I had a great talk with my Egypt friend Maria the other day when she came to visit the refugee camp for a night. It was one of those 'why are we here?' kinda talks. This is what we came to conclude:

Everyone wants to be a superhero. On some secret level everyone dreams of saving the world, or maybe not that extreme, but at least everyone wants to be a somebody, no one wants to be a nobody. Back in the states I'm just you average broke college kid who drinks a little too much some weekends (err, ok maybe on some weekdays too...), but I'm basically a nobody. This isn't a reflection of a low self-esteem or anything, but merely a statement of fact; I'm low on the totem pole over there.

But here in Africa I'm a somebody. At the IT center full grown men look up to me and come to me with their problems. Almost anywhere I go people treat me with respect and deference, people come to me with their problems filled with unwavering confidence in my abilities to solve anything. I get the full red carpet treatment.

Yet it feels cheap on some (many) levels. I didn't earn this respect and treatment; it’s ascribed to me based on my skin color and my nationality, but not on my achievements. These refugees, many of who have been through far more than I will probably ever have to go through in my life, completely defer to me sometimes. It’s embarrassing when, even though I’ve never taken an IT course in my life, here at the IT center, the teacher I work with who has taken many IT courses and is an amazing teacher, is convinced that whatever I say is absolute law. I feel like I've been granted Papal Infallibility with out my asking.

The other day I went out with the water and sanitation crew to do some insecticide spraying, but I didn’t actually do anything. It’s a two man job and there were four of us, two locals and two international volunteers. The internationals were essentially just tagging along watching the others do the work. It was frustrating because we knew that we could be put to work somewhere else much more effectively, somewhere where we could actually work. When I got back I asked the other international volunteers what the point of us tagging along is and they said it’s basically because we are white. By bringing along two white boys the spraying crew was improving their credibility, people are more likely to trust us and let us into there house to spray. I’m essentially the Liberian Vanna White: just stand there and look pretty!
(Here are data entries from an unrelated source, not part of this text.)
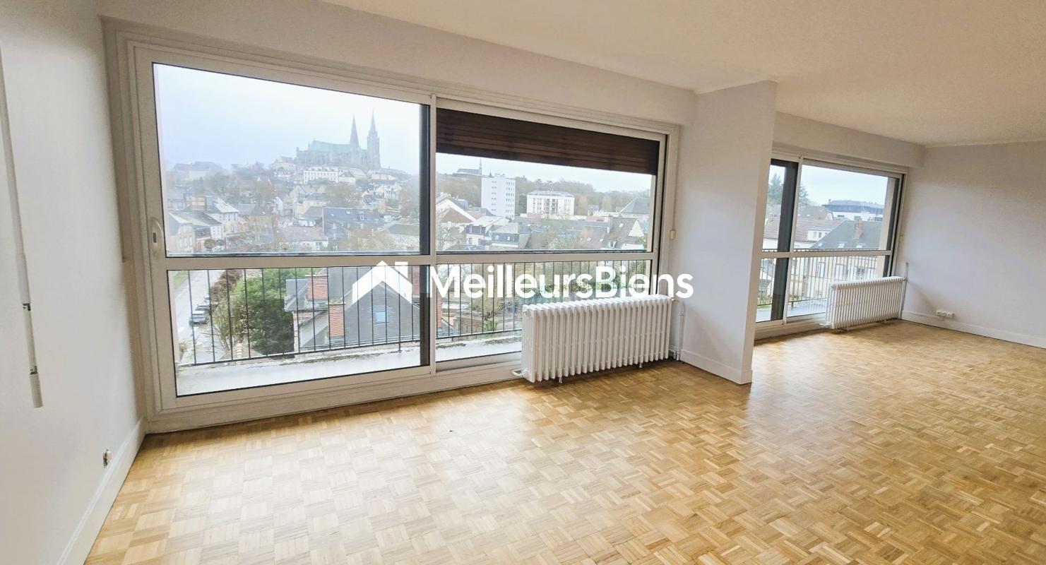 Alexandre COLLO vous propose ce bien :L'agence POURMONBIEN by Alexandre COLLO est heureuse de vous proposer ce magnifique appartement entièrement rénové, comme neuf avec une vue incroyable sur la cathédrale et la basse ville. Idéalementsitué au sein d'une résience entretenue, à pieds de la Gare et à proximité immédiate du centre-ville, des commerces et des écoles. cet appartement est situé au 5ème et dernier étage .Entièrement rénové en 2025 ce bien lumineux bénéficie d'une exposition plein sud, offrant une belle clarté toute la journée. Vous profiterez d'un vaste séjour de 34 m², idéal pour une pièce de vie conviviale, prolongé par un balcon agréable. La cuisine aménagée et équipée, est fonctionnelle et moderne, prête à l'emploi. La partie nuit se compose de 2 chambres confortables, d'une salle de bain et de rangements optimisés, permettant un aménagement facile .Deux cave privatives viennent compléter ce bel appartement, apportant un espace de stockage supplémentaire très pratique. POssibilité de garage en sus.Ce 4 pièces rénové, au dernier étage, avec balcon, cave, ascenseur et toutes les commodités à pied, représente une opportunité rare sur le marché chartrain. Idéal pour une résidence principale confortable ou un investissement de qualité, contactez nous rapidement au 07.66.71.28.28 ! Dans votre intérêt, votre agence c'est POURMONBIEN.\nLes informations sur les risques auxquels ce bien est exposé sont disponibles sur le site Géorisques : www.georisques.gouv.fr
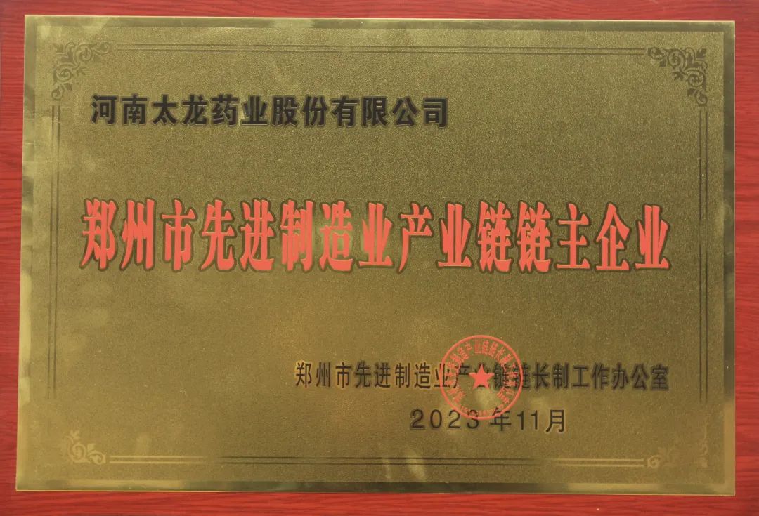 日前,郑州市工业和信息化局公布郑州市第一批先进制造业产业链“链主”企业名单,河南太龙药业股份有限公司成功入选生物医药产业链“链主”企业名单!
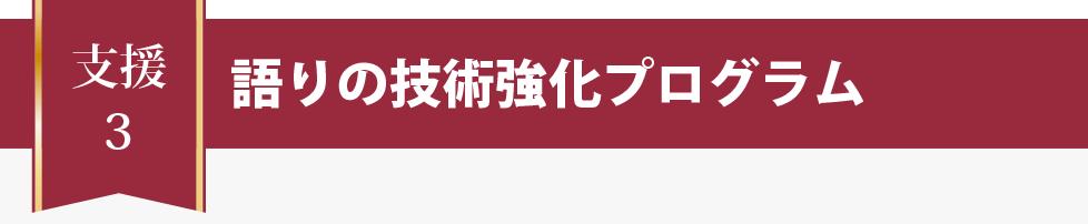 講師からの客観的かつ丁寧な指導により、「自分らしい語りの型」が見つかるまで徹底的に伴走します。
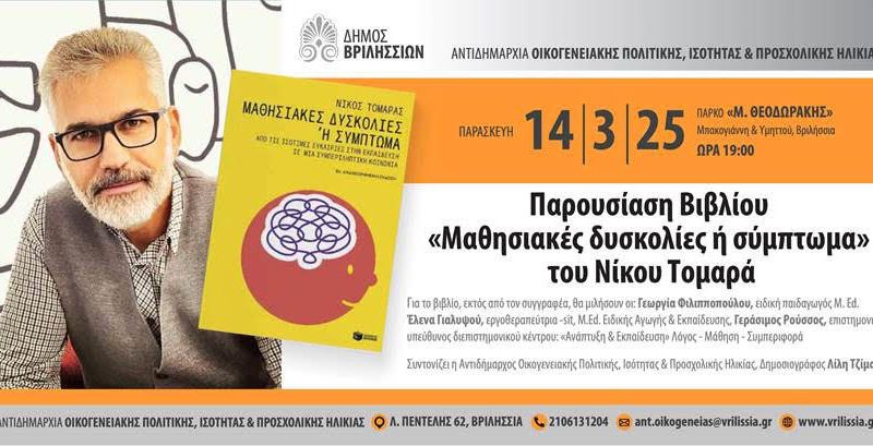 Το βιβλίο του Συμβούλου-Ψυχοθεραπευτή και Ειδικού Παιδαγωγού Νίκου Τομαρά: «Μαθησιακές δυσκολίες ή σύμπτωμα» παρουσιάζεται την Παρασκευή 14/3/2025 στις 19:00 στην αίθουσα Ν. Εγγονόπουλος στο πάρκο Μ. Θεοδωράκης (πρ. ΤΥΠΕΤ)
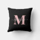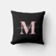Modern Pink And Black Elegant Monogram Name Throw Pillow
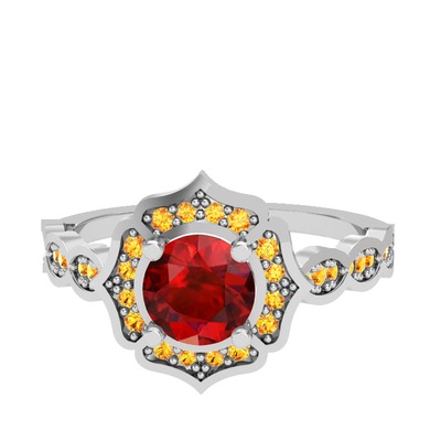 Garnet ve sitrin 8 ayar beyaz altın yüzük
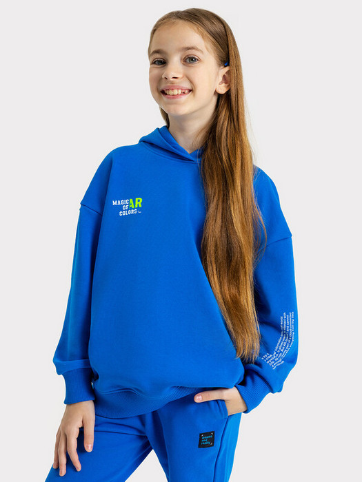 Стильное худи силуэта оверсайз для девочек, созданное из трикотажного футера с теплым подчесом. Округлая горловина, просторный уютный капюшон, длинные просторные рукава на манжетах – ничего лишнего. Дополнительную свободу дарит спущенная линия плеча. Отличный вариант для вашей девочки!
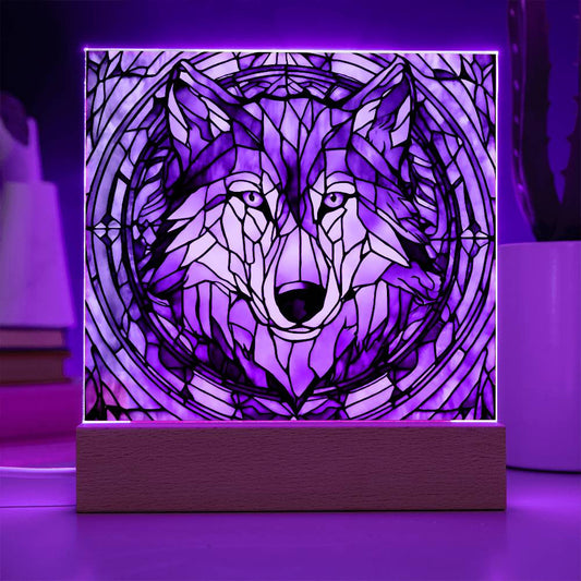 Stained Glass Wolf Acrylic Plaque - Decorative Faux Window Art for Home or Office
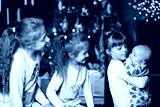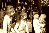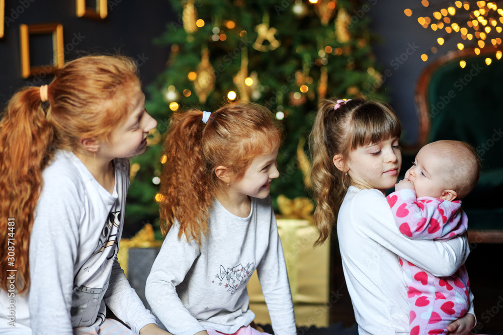 Children play near the Christmas tree. The concept of Merry Christmas, holidays, New Year, family and gifts.
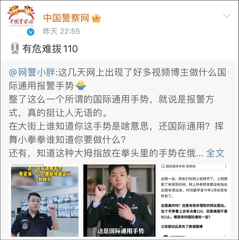 9月24日,沈阳网警巡查执法团队负责人微博@网警小胖 转发了相关帖子后无奈表示,“整了这么一个所谓的国际通用手势,就说是报警方式,真的挺让人无语的。普通网民不明就里跟风做这个,我们还可以理解,但是,警方账号也跟风做?是不是有些说不过去了!”
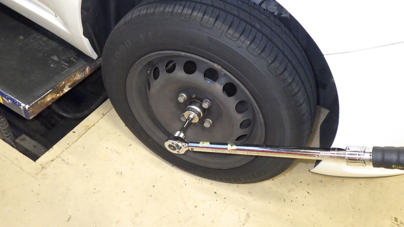 左右共ドライブシャフトを組付け後、センターナットを規定
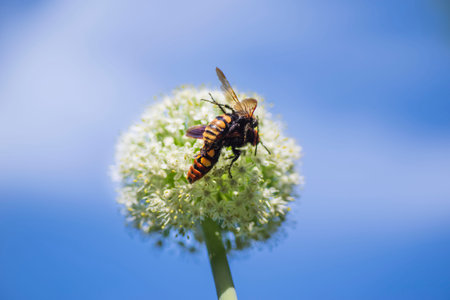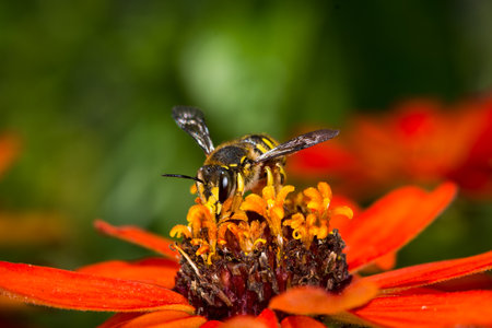 Red-banded wasp collecting nectar from a wild blossom in the meadow.
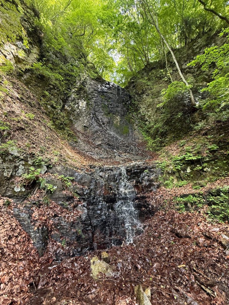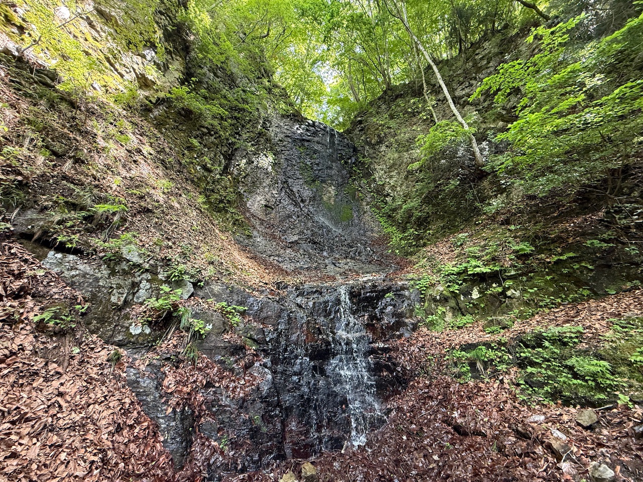 一か所、道が崩落している箇所がありましたが、慎重に足元を選んで進んでいけば、滝前に到着できます。
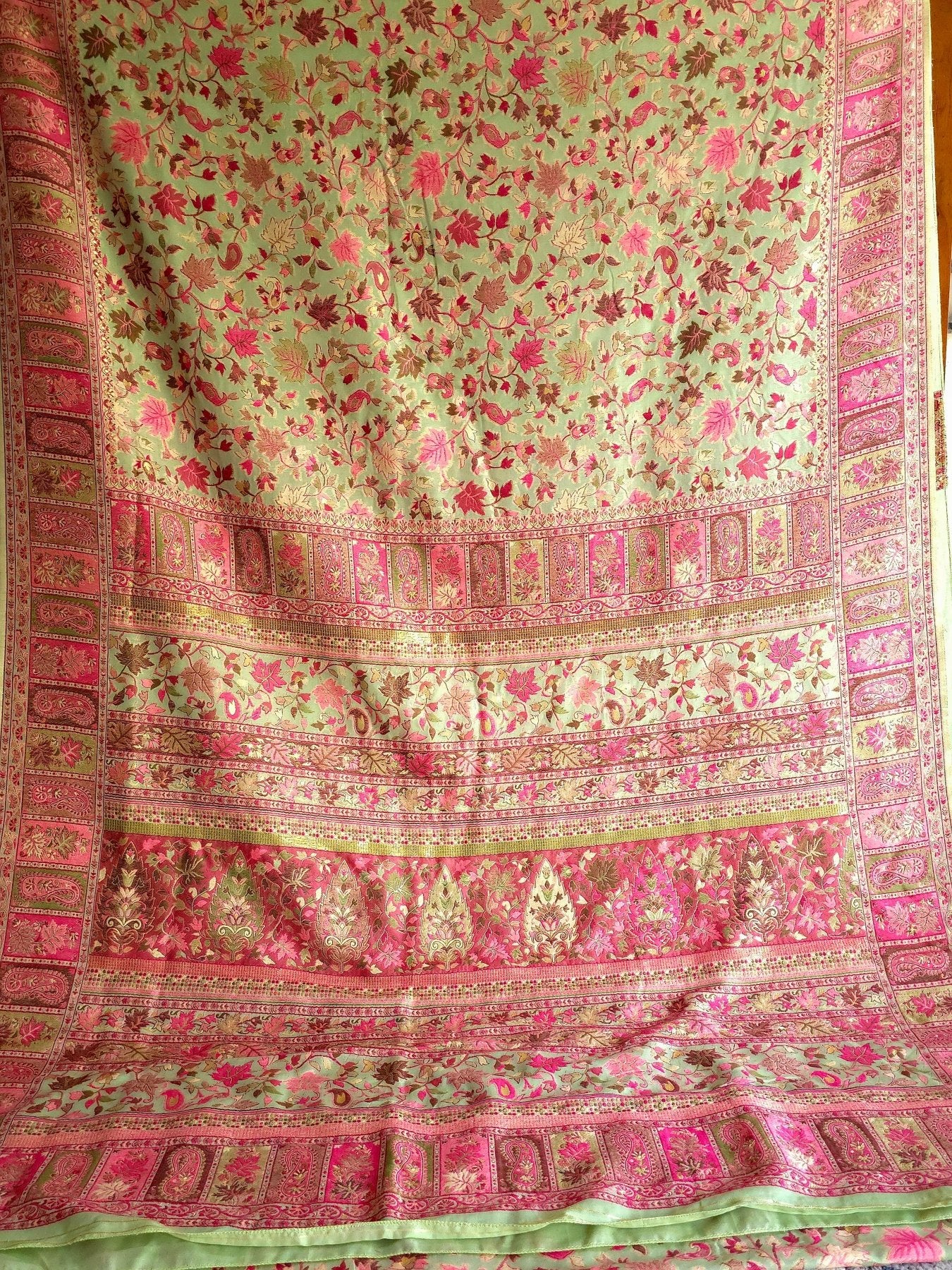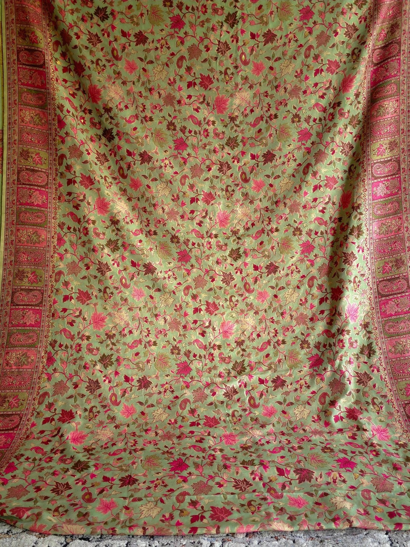 Parajika (Pistachio & Pink): Authentic Kashmiri Saree
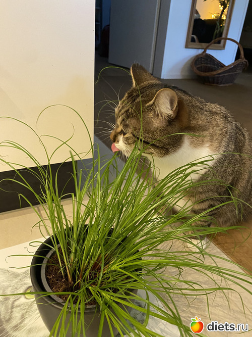 Купил ей сегодня кошачью траву, с радостью погрызла.
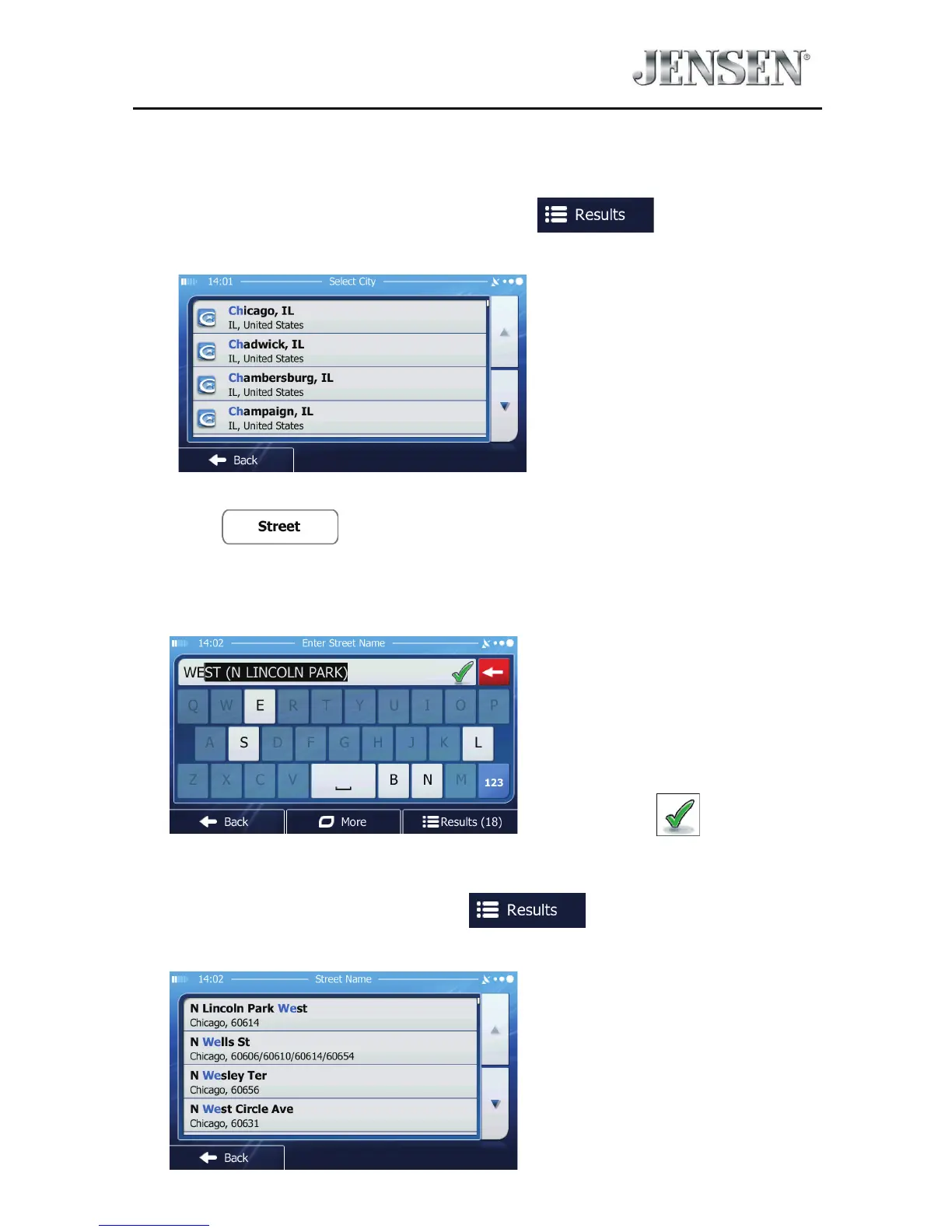 b. Start entering the street name on the keyboard.

I feel like the Wizard in the Wizard of Oz, except I flew in on a plane instead of a balloon. To quote The Wizard from the song “Wonderful” in Wicked the Musical soundtrack:
“Won-der-ful
They called me Won-der-ful
So I said Wonderful
If you insist”

Coming here we’re told by everyone how wonderful we are to be doing what we’re doing and what a sacrifice we’ve made and such, so after a while you begin to think: wonderful? If you insist!